- WHAT YOU NEED TO DO -
Determine how many lines of the listing below hold the string "into". Reply only with the number.
___ DATA IN THIS EXERCISE ___
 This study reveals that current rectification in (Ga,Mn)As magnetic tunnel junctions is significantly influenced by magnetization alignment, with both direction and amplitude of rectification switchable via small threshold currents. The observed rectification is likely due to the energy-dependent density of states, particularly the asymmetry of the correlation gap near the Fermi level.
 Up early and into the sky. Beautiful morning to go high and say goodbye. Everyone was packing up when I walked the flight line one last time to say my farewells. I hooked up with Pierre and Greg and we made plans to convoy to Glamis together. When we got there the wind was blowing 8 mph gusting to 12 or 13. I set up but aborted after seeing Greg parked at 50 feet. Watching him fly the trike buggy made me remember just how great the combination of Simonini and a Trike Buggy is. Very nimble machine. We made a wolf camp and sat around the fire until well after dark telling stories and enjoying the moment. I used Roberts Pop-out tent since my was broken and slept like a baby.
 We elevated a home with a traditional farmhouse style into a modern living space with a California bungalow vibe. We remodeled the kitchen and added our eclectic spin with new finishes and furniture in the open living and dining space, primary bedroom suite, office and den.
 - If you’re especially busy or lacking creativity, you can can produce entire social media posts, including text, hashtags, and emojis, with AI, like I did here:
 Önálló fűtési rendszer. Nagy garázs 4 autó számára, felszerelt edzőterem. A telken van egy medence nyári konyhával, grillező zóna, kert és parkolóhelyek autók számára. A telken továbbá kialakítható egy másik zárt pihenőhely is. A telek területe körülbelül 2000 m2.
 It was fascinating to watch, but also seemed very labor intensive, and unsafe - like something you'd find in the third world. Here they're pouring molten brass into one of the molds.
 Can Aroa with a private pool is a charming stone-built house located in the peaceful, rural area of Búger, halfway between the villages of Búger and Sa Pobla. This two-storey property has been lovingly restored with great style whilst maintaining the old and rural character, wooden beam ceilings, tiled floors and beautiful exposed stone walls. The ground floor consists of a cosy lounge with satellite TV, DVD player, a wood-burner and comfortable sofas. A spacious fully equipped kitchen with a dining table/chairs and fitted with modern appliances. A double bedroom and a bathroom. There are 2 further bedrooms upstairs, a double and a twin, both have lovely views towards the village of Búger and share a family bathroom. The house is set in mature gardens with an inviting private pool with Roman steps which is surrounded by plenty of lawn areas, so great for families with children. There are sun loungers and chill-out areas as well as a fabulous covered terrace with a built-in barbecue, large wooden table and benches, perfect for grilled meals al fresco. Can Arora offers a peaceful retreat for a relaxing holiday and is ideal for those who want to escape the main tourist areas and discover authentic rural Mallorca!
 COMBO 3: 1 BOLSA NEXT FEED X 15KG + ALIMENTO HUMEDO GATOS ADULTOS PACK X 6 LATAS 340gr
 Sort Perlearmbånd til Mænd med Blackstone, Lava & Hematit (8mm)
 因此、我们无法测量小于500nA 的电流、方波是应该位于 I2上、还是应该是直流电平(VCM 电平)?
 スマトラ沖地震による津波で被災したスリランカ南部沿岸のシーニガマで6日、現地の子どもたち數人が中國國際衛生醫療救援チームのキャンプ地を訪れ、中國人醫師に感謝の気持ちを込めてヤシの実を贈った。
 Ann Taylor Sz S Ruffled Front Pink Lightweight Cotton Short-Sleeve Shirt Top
___
- YOUR RESPONSE -
3